ITER-Like Wall Project
One of the main challenges for fusion reactors is the compatibility between a reactor-grade plasma and the materials facing the plasma (the “First Wall”). Until 2011 JET used carbon composite (CFC) tiles for the First Wall.
However, from JET’s D-T experiments it is obvious that carbon composites are not suitable for the tritium operation due to high carbon migration, leading to tritium deposition in walls. Therefore the ITER design comprises a beryllium-clad First Wall in the main chamber, while use of carbon tiles is limited to the region where the edge plasma is deflected on to the wall (“divertor strike points”) and tungsten tiles are to be used elsewhere on the divertor. Tungsten is very resistant to high temperatures (melting only at 3695 degrees Celsius) but it is a heavy element (proton number 74) that can pollute plasmas considerably: it gets highly ionised in extreme plasma temperatures which causes immense energy losses due to plasma radiation, and dilutes the D-T fuel. Beryllium is a light element with a proton number just 4. However it melts at just 1284 degree Celsius. The combination of beryllium and tungsten has never been tested in a tokamak, let alone in one with ITER-relevant geometry and plasma parameters like JET.

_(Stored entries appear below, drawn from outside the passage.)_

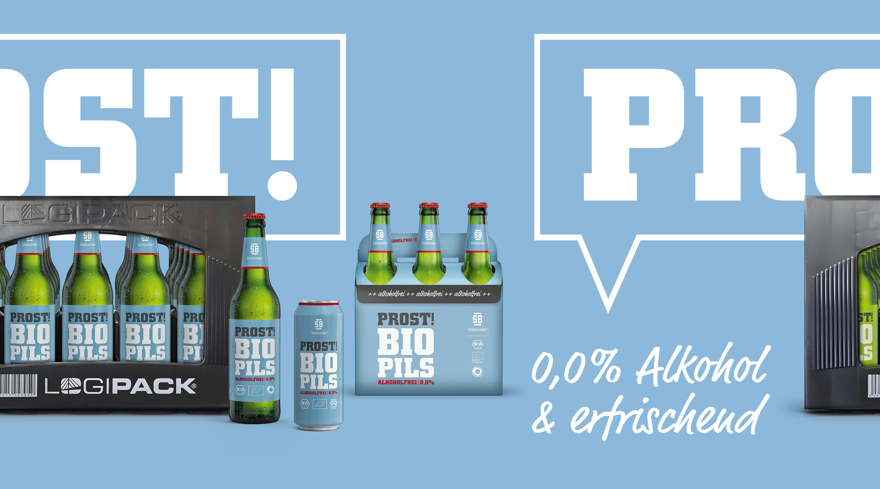 Ein erfrischendes Prost mit der grünen Flasche – dem neuen Stralsunder BIO-PILS. Mit diesem Bier lässt sich nicht nur der Moment mit Freund*innen einfangen, sondern auch die Kraft der Natur, denn die ist in den Zutaten enthalten. Höchste Qualität sowie Nachhaltigkeit stehen hier an erster Stelle. Genau das beschreibt der Name „BIO-PILS“ klar und ohne Umwege. Ebenso reduziert und bewusst plakativ hat wertmarke den Look der neuen Flaschen designt. Grün kommt als DIE Symbolfarbe für Bio und Natur zum Einsatz. Hellblau ist bereits von anderen alkoholfreien Produkten bekannt und lässt sich durch die roten Details leicht von seinem Promille-Pendant unterscheiden. Das neue Bier tut nicht nur dem Gaumen gut, sondern auch unserer Umwelt: Bio, vegan, Mehrweg – prominent auf der Verpackung zu sehen. Ein gutes, schnörkelloses Bier für Abende in bester Gesellschaft. Stralsunder. Bio für alle.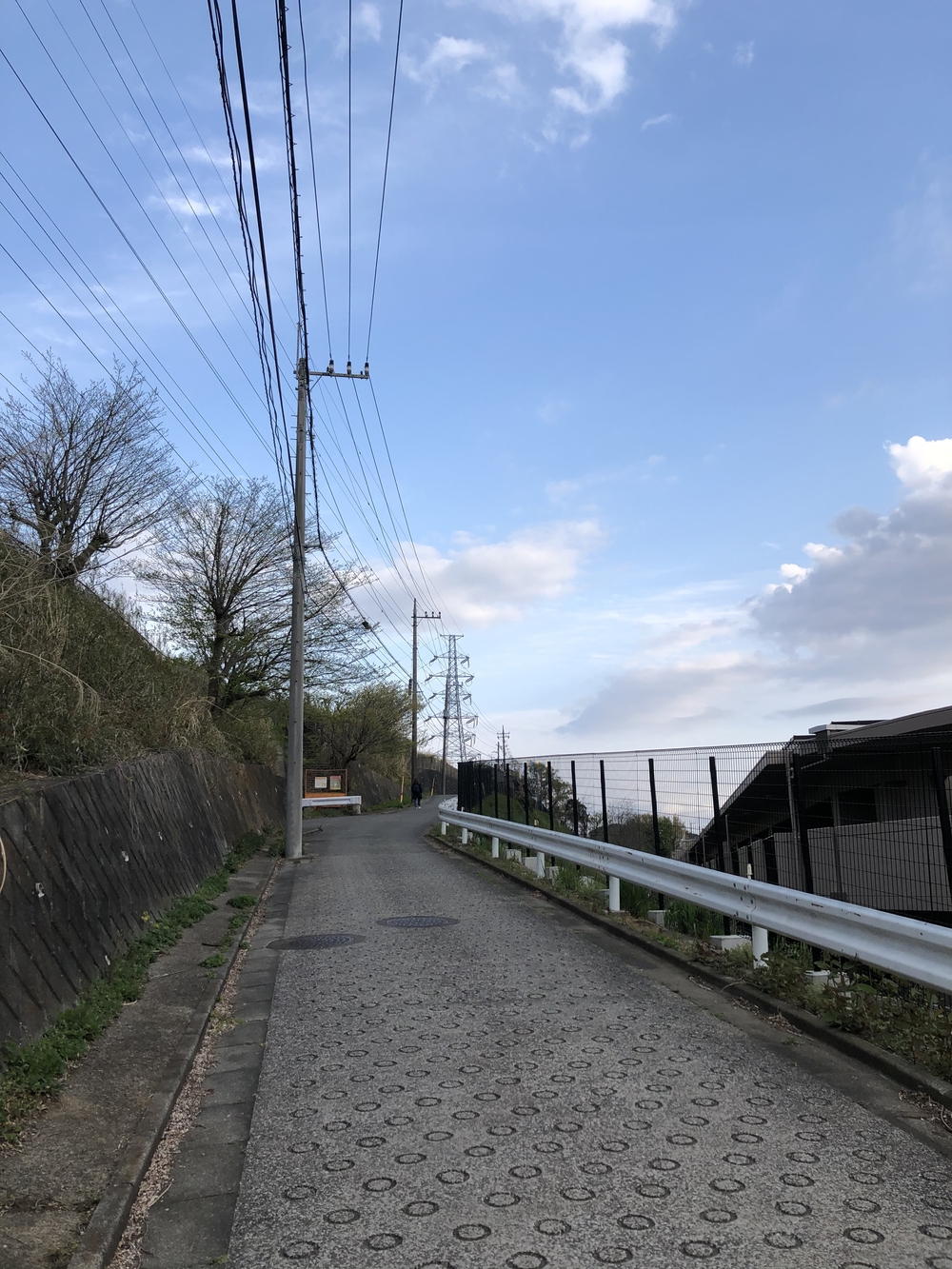 そこから黒川駅の方へロードを走り、小田急多摩線を渡って次のトレイルに進みます。入り口がわかりづらいですが、電柱横の細い道を進みます。
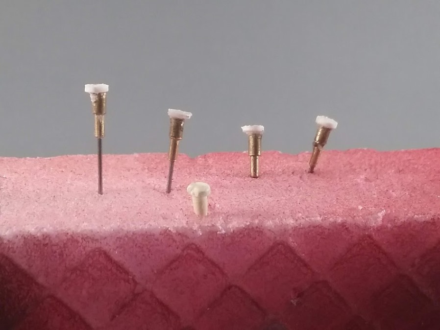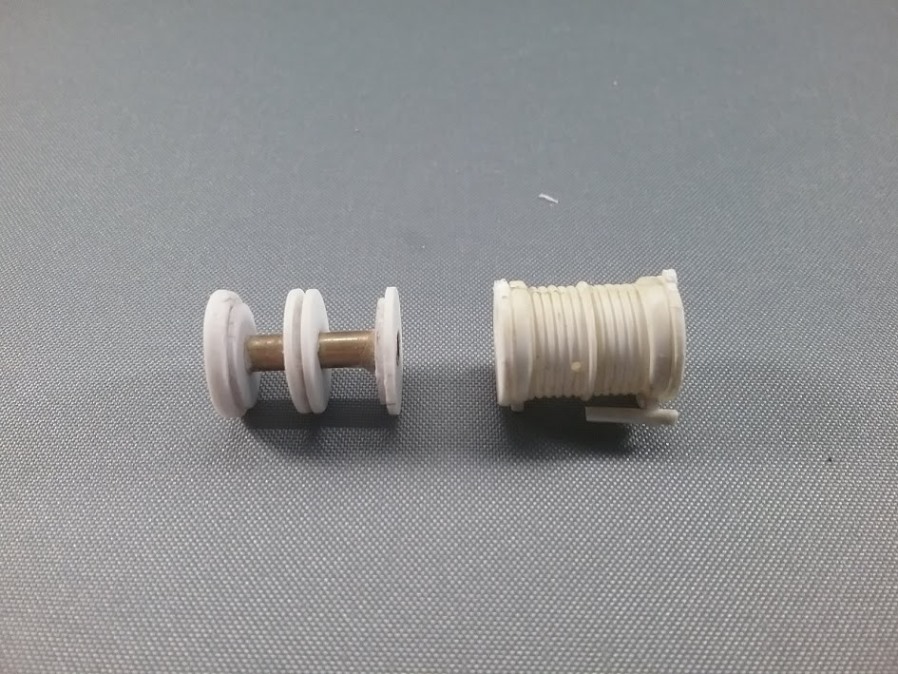 Die selbstgebauten Zylinder bestehen aus Messingröhrchen 2,5 und 1,5 mm, die auf ein Stückchen Federstahl 0,5 mm aufgeschoben und verklebt wurden.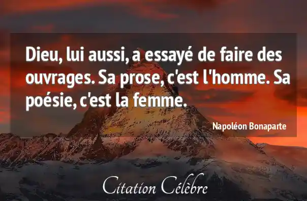 Dieu, lui aussi, a essayé de faire des ouvrages. Sa prose, c'est l'homme. Sa poésie, c'est la femme.
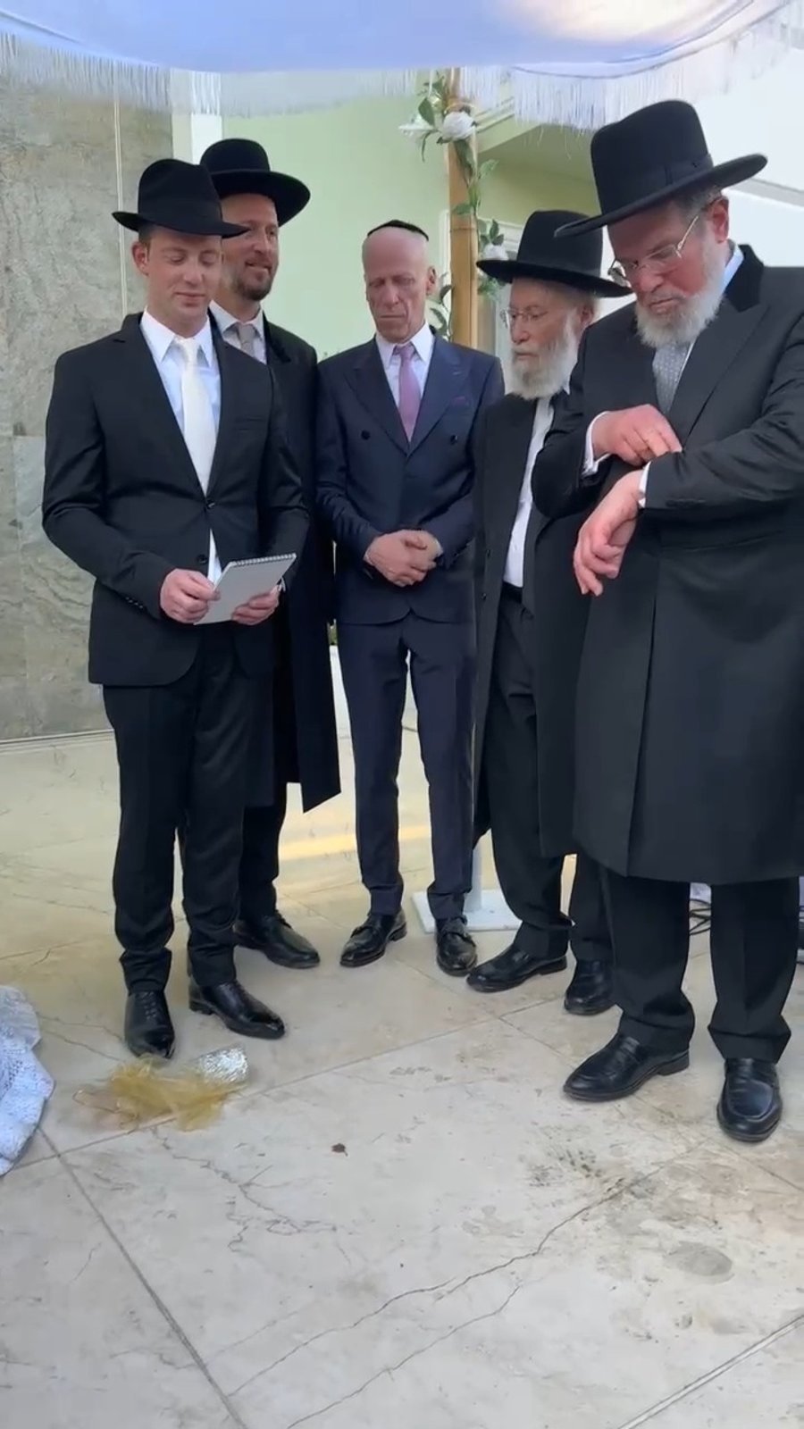לאחר החופה ראינו את הראשון לציון הגאון רבי דוד יוסף והרב הראשי לישראל הגאון רבי קלמן בר, בסוד שיח עליז, מאחור נראה איתי גדסי ראש לשכתו של הראשון לציון.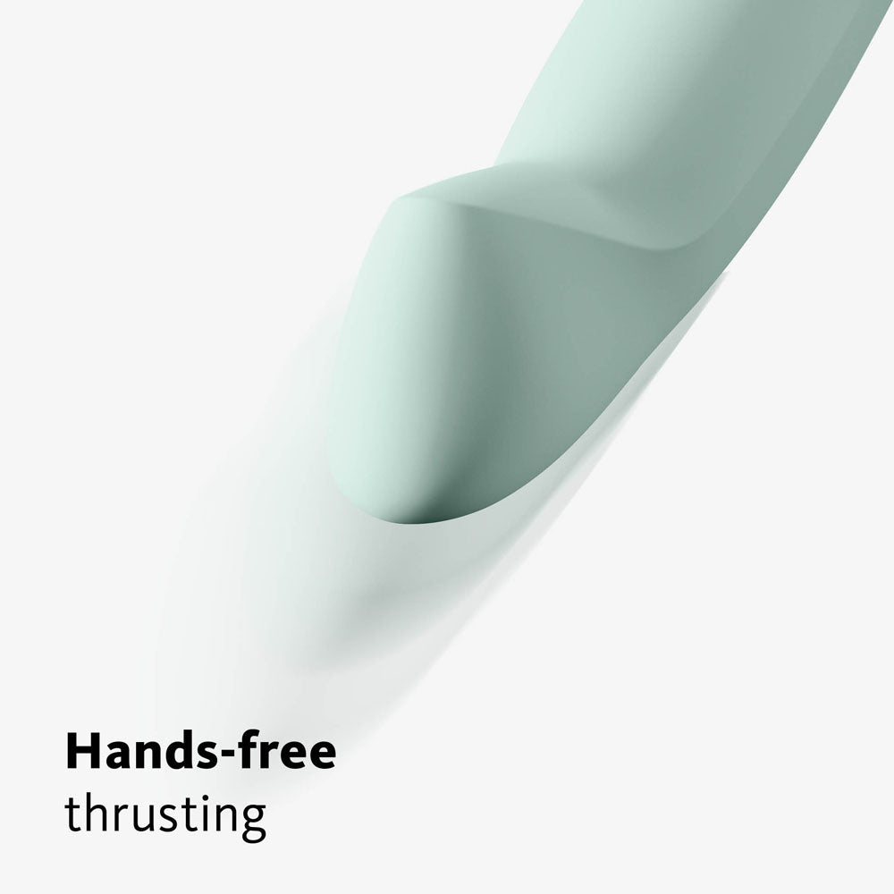 Close your eyes, lean back, and enjoy the powerful thrusting of STRONIC G FORTE. The toy shimmies back and forth on its own using FUN FACTORY’s exclusive patented technology. Indulge in the rhythmic thrusting and increase the intensity as you like. From a gentle, hands-free G-spot massage to powerful penetration, STRONIC G FORTE does it all. Get ready for explosive climaxes! Pulsators contain magnets that make the toy thrust back and forth on its own. This results in a constant, intense massage that’s perfect for stimulating the G-spot. If you like penetrative sex, then a pulsator is just the thing for you. WHAT’S SO SPECIAL ABOUT STRONIC G FORTE? The name says it all. The word ''forte'' comes from Italian and describes certain sections of music that should be played particularly powerfully. That’s just like how STRONIC G FORTE works - it’s a super-powerful toy with a strong motor and consistently firm strokes. Compared to its predecessor, STRONIC G FORTE is 40% stronger and requires 50% less charging time! Another special feature of STRONIC G FORTE is that it can be used hands-free. The toy moves back and forth by itself so you can use your hands to stimulate other body parts or just rest. Tired wrists are a thing of the past. Better yet, the toy has a special design that heightens your pleasure. The distinctive tip precisely targets the G-spot and the generous girth gives you an amazing feeling of fullness. WHAT’S BEHIND THE DESIGN? As with all FUN FACTORY toys, STRONIC G FORTE was developed and manufactured to the highest quality standards. The timeless design and the fresh colour Sage Green make this pulsator a modern lifestyle product. The loop handle looks crisp and makes the toy effortless to use. Every detail is high-quality, from the buttons to the substantial (but not overwhelming) weight to the velvety-soft silicone that feels incredible on your body. HANDS-FREE FUN Let your pulsator thrust on its own, using a pillow as a stopper to keep it in position. Give your hands a break and enjoy the stimulation until you climax. UPGRADE YOUR ORAL Let STRONIC G FORTE pleasure your G-spot while your partner goes down on you. The combination is wildly hot. ONE, TWO, THREESOME Experience the thrill of a three-way, even with two people. Let your partner watch while STRONIC G FORTE gets you off. PRODUCT SPECS: - Type: Pulsator - Power: Rechargeable (with low battery warning) - Movement: 4 speeds & 4 patterns - Functions: Memory Function & Travel Lock - Dimensions: 19 cm and Ø 4 cm - Weight: 216 g - Battery Life: 2-3 hours - Charging Time: 6 hours - Materials: Body-safe materials, non-porous and hypoallergenic

The JET experimental programme focuses on optimising operating scenarios compatible with the ITER-Like Wall. The level of retained tritium and its dependence on plasma parameters will be determined. Plasma performance will be tested to show that the level of tungsten reaching the core is acceptably low. The lifetime of the wall will be studied with ITER-relevant power loading provided by increased heating due to Neutral Beam Enhancement Project. Also notice the synergy in the pan-European fusion research: while the German Association Euratom-IPP Garching with ASDEX Upgrade tokamak is exploring the viability of an all-Tungsten first wall (tungsten is considered the long-term front runner as a material for fusion reactors), JET will be looking at more immediate ITER needs.